[PROVIDED INFORMATION — start]

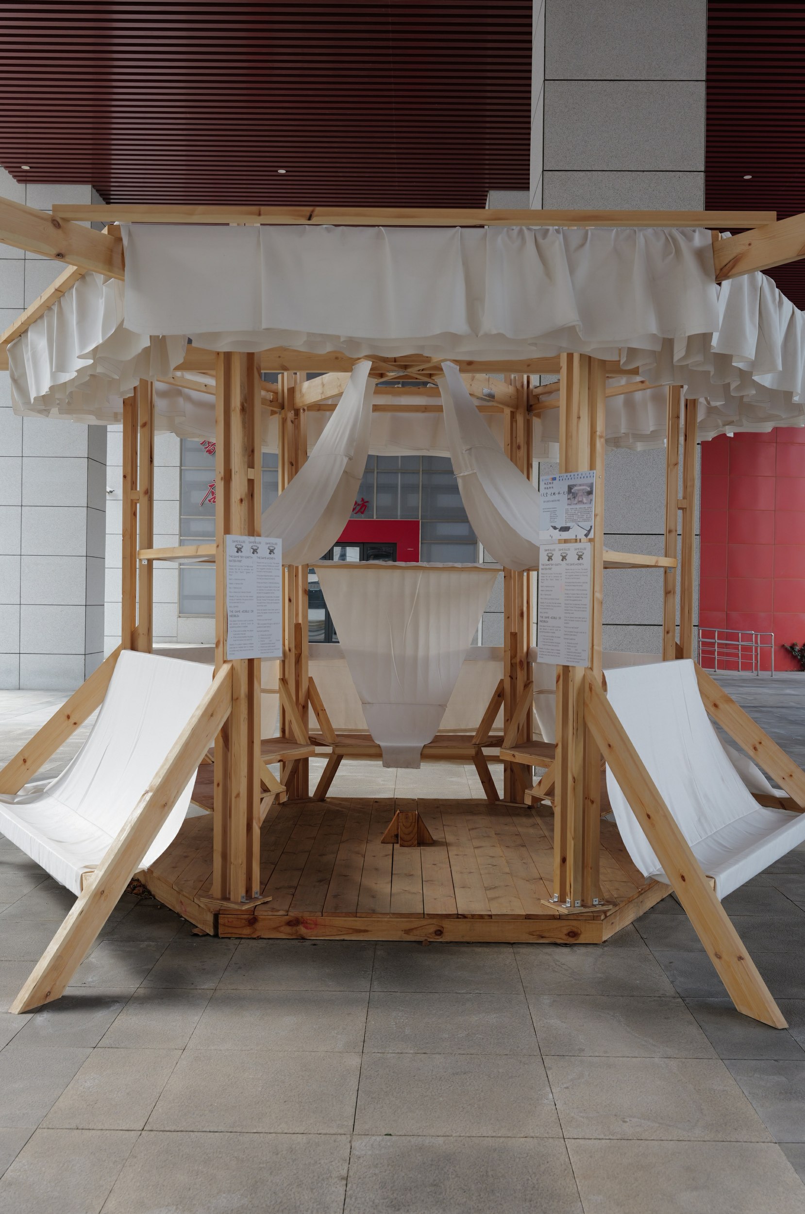 Участникам конкурса нужно было придумать пространство для отдыха и неформального общения студентов после учебы. Площадкой для реализации проектов стал студенческий городок Anhui Jianzhu University. По итогам конкурса были сформированы интернациональные команды, которым предоставили все необходимые материалы и столярный цех университета со станками и инструментами для возведения павильонов.
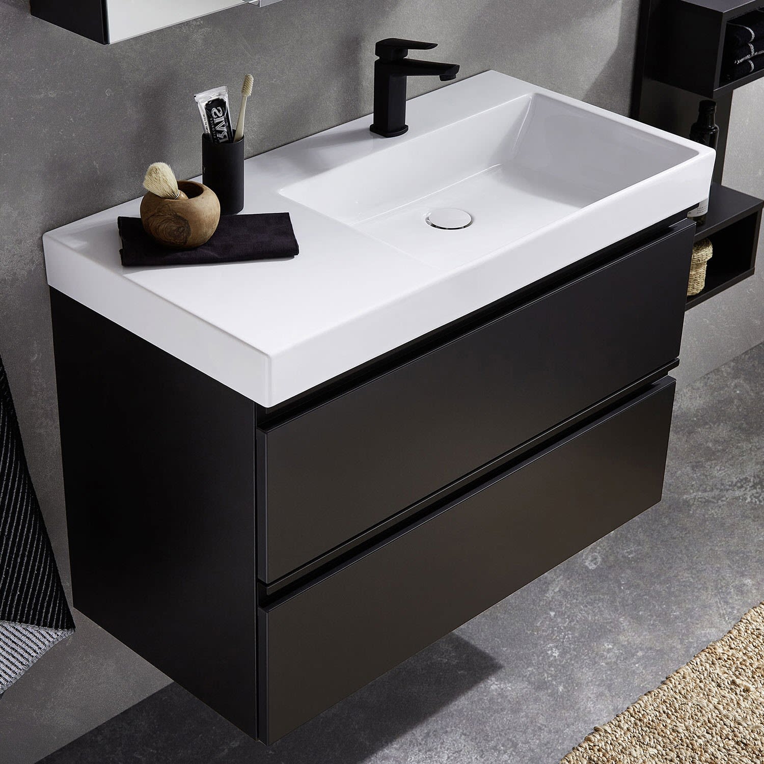 Puris c!puro Waschtischset 92 cm mit Waschtisch, Ablage links und Waschtischunterschrank mit 2 Auszügen, Griff 352
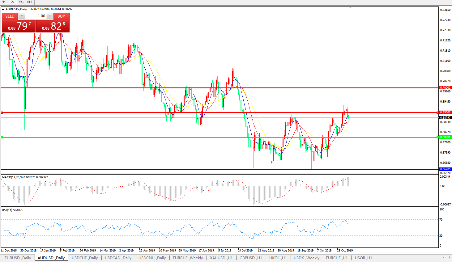 澳元兑美元高位震荡,市场静待周二澳洲联储更多指引; 澳元兑美元周一在0.69上方的区间高位震荡,上周以来美元指数的持续颓势,以及国际贸易领域的乐观情绪,都对澳元汇价起到了支撑作用。然而,周二澳洲联储政策决议在即这一事件,却令多头暂缓了追高澳元的步伐;虽然,市场并不太多预计澳洲联储在周二的会议上再度降息,但是在美联储上周利率“三联降”之后,澳洲联储面对之后的政策预期给出指引却是必须的功课。这之中蕴藏的不确定性令投资者暂时采取了观望姿态;同时,澳元在继续上行途中,还面临着趋势阻力的打压。目前,在0.6954处的200日均线依旧看似不可憾动,自2018年3月以来,澳元兑美元日线收盘始终未能站上过200日均线。欲突破这一阻力需要更强大的利多消息推动,绝非澳洲联储在周二暂缓降息即可。而一旦升破,也就意味着中期反转走势的正式开始。
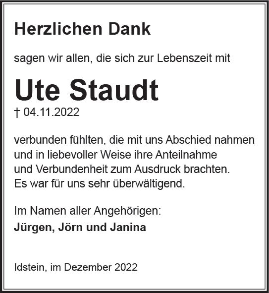 Hier finden Sie alle Traueranzeigen aus der Zeitung, die bisher für Ute Staudt erschienen sind. Weitere Traueranzeigen, die in der Zeitung erscheinen, werden hier ebenfalls aufgelistet
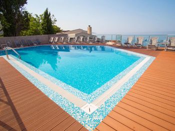 Собственный пляж с удобными лежаками,удобный вход в море(мелкая галька),пляж всегда чистый.На втором этаже СПА зона с турецким хамамом,финской сауной,бассейн с теплой водой,много лежаков,полотенца.
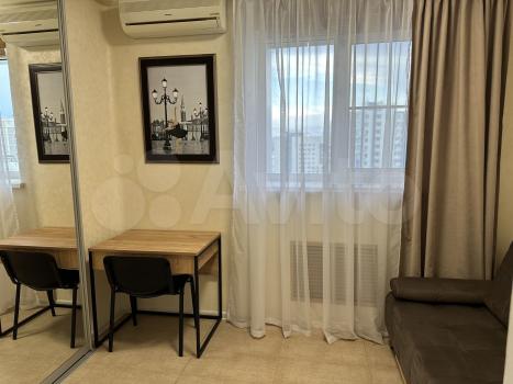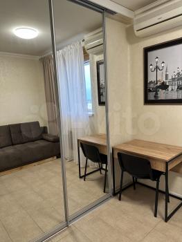 Внутри огороженного двора имеется открытая парковка. Квартира состоит из двух комнат. Одна из которых небольшой кабинет, а вторая просторная гостиная с зонированной спальней и кухней. Квартира укомплектована всей необходимой для проживания мебелью и техникой.
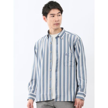 ストライプ柄で爽やかなな雰囲気に仕上げた、ボタンダウンの長袖シャツです。左右前身頃にパッチポケットを配してアウターライクに仕上げています。左胸ポケット上部にあしらったブランドロゴの刺繍がアクセント。タウンユースからアウトドアまで幅広いシーンに大活躍してくれます。
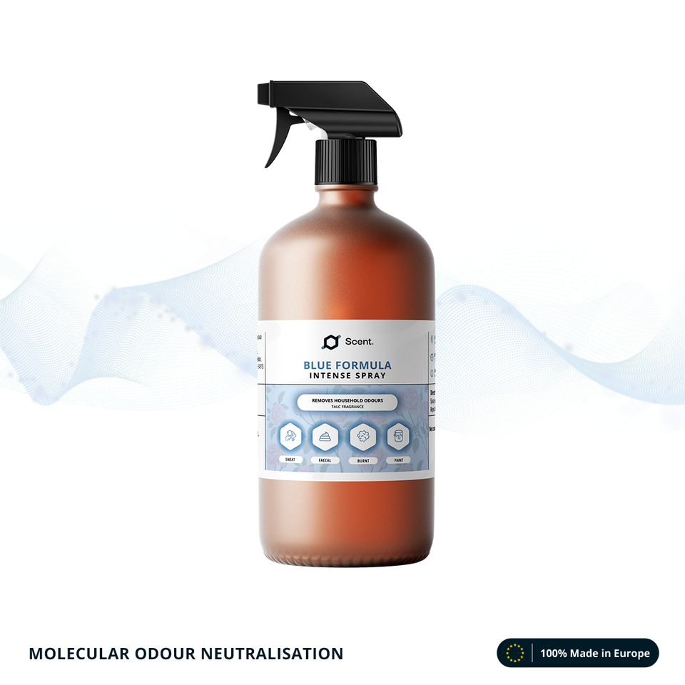 Neutralizzatore di Odori Spray Intenso Formula Blu: Odori di Sudore, Feci, Fumo e Solventi - Bottiglia da 1L - Pronto all'Uso
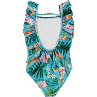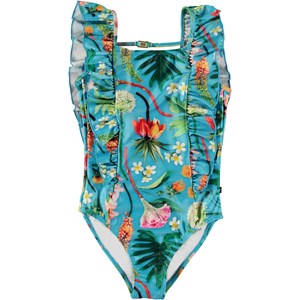 Blue swimsuit with an all over print of exotic leaves and plants. The suit has lovely ruffles at the sides that continue up over the shoulders and around the deep back opening. There is a small strap with a closure on the back to ensure that the suit fits perfectly. The swimsuit is constructed in recycled, stretchy polyester, which makes it comfortable and easy to slip on and off. It offers a high level of 50+ UV protection from the sun. The product is CE-marked and tested according to standard EN-13758-1.
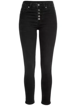 These fashionable jeans are in a high-waist design. Made with stretch content, they are incredibly comfortable and feature faux pockets at the front, as well as two back pockets where you can easily store your mobile phone.
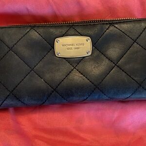 Women’s Michael Kors black wallet - holds 12 cards - cash- zippered pocket for coins. Soft leather. Some wear noticeable.
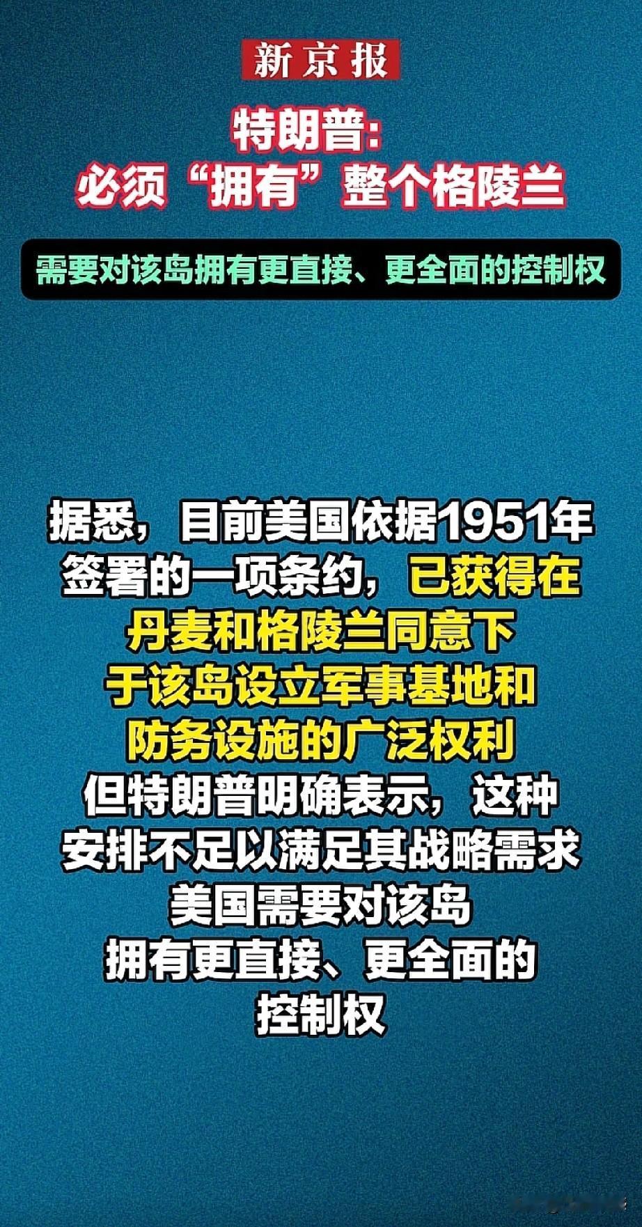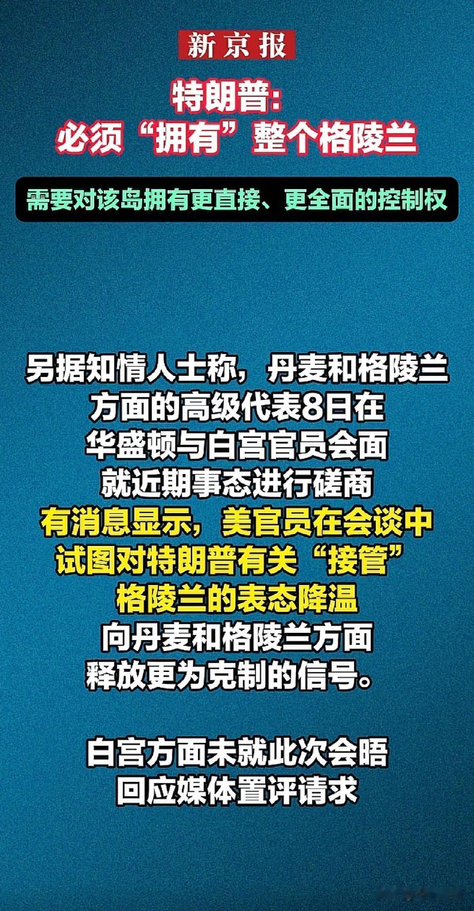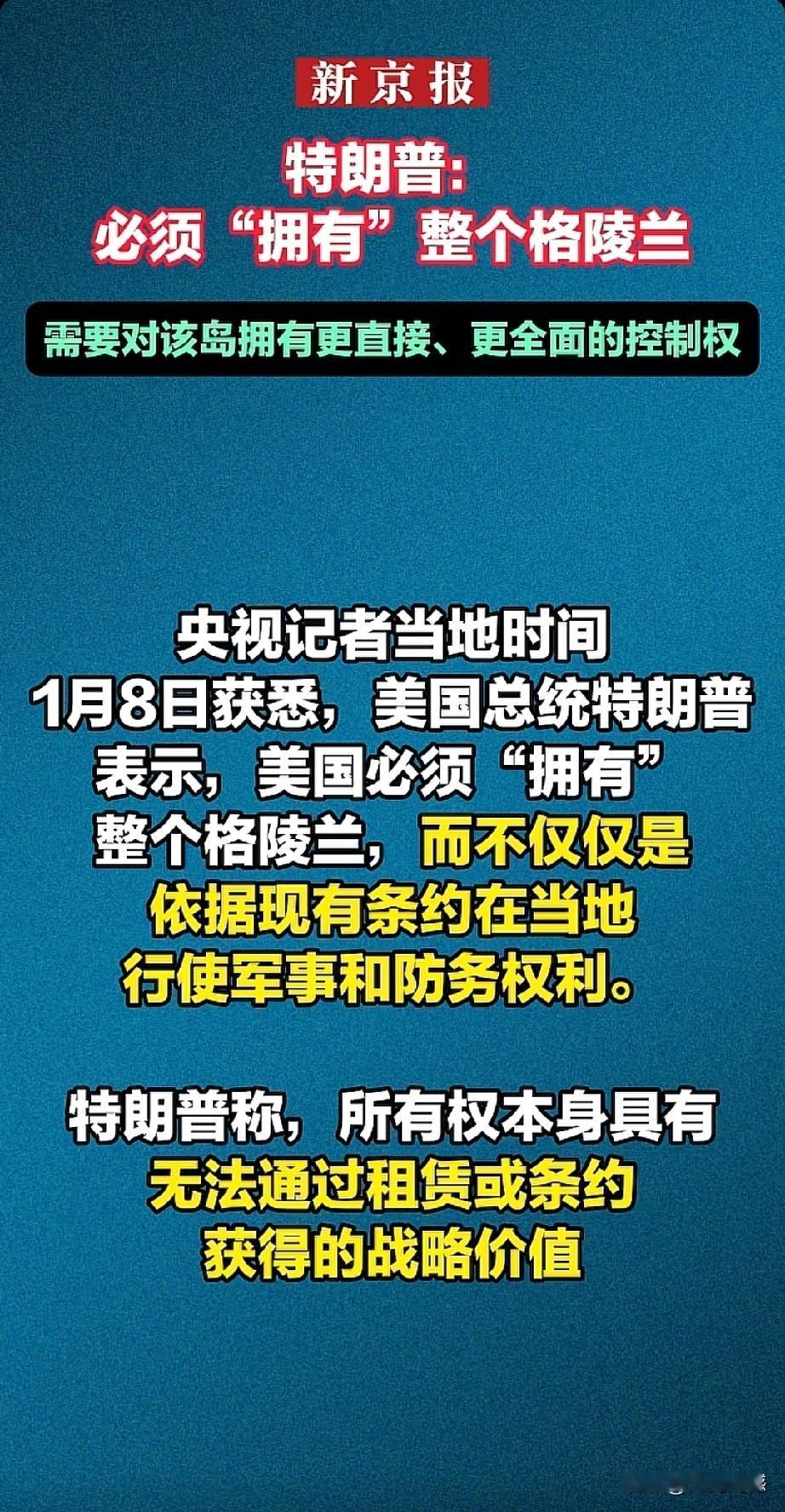 特朗普的行事风格让人难以琢磨,上一秒还在谈笑风生,但谁也猜不出下一秒他还会干出什么样的事情,现在看来,格陵兰岛已经成为特朗普的心头肉,不吃下这块肉,他是不会善罢甘休的,问题是他一旦吃下了这块肉,后续会引起什么样的连锁反应呢?现在看来,无法想象!
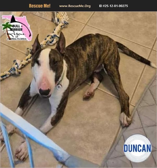This handsome boy was found as a stray & awaited his stray hold at the local shelter, where no owner claimed him. Duncan is 2 years old, underweight at 40 lbs & will be getting neutered. He has been very sweet, good in his crate, learning to walk nicely on leash & will bring you his toy. Learn more about our adoption process and check us out on Facebook and IG. www.BullTerrierRescueOfCentralFL.org Bull Terrier Rescue of Central Florida, Inc.
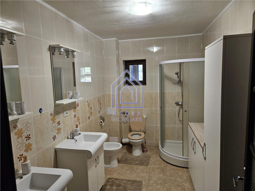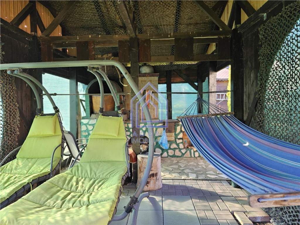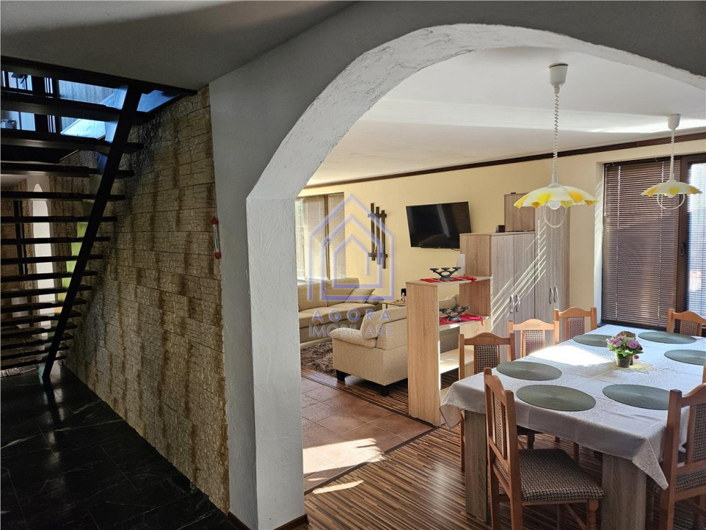 Agora Imobiliare propune la vanzare casa amplasata in mijlocul naturii, la 3 km de centrul Sucevei, intr-o zona foarte linistita , cu drum asfaltat. Proprietatea, unde arhitectura moderna se imbina in mod placut cu elemente rustice, are parter si mansarda , 268 mp utili si 780 mp teren. La parter gasim : - living generos cu semineu, - loc de luat masa ( dining ) - bucatarie complet utilata din care se ajunge in camera tehnica cu centrala pe lemne Viesmann si in garaj, - 2 bai din care una cu dus si bideu , una cu jacuzi, La mansarda sunt: - 2 dormitoare, - un birou care se poate transforma in dormitor, - baie cu cada si bideu, - balcon si loc de joaca copii, - terasa. Alaturi de casa langa terasa se afla un gratar si un loc de relaxare. Apa este de la fantana, curent electric, fosa. Gazul metan este la poarta. Se vinde mobilata si utilata. Un loc superb in care te retragi dupa o zi de munca, te bucuri de liniste si de aerul curat.

[PROVIDED INFORMATION — finish]

From the data above, return exactly the lines from the one with "Women’s Michael Kors" up to and including the one with "This handsome boy". Pictures do not go in the copy.

 Women’s Michael Kors black wallet - holds 12 cards - cash- zippered pocket for coins. Soft leather. Some wear noticeable.
 特朗普的行事风格让人难以琢磨,上一秒还在谈笑风生,但谁也猜不出下一秒他还会干出什么样的事情,现在看来,格陵兰岛已经成为特朗普的心头肉,不吃下这块肉,他是不会善罢甘休的,问题是他一旦吃下了这块肉,后续会引起什么样的连锁反应呢?现在看来,无法想象!
This handsome boy was found as a stray & awaited his stray hold at the local shelter, where no owner claimed him. Duncan is 2 years old, underweight at 40 lbs & will be getting neutered. He has been very sweet, good in his crate, learning to walk nicely on leash & will bring you his toy. Learn more about our adoption process and check us out on Facebook and IG. www.BullTerrierRescueOfCentralFL.org Bull Terrier Rescue of Central Florida, Inc.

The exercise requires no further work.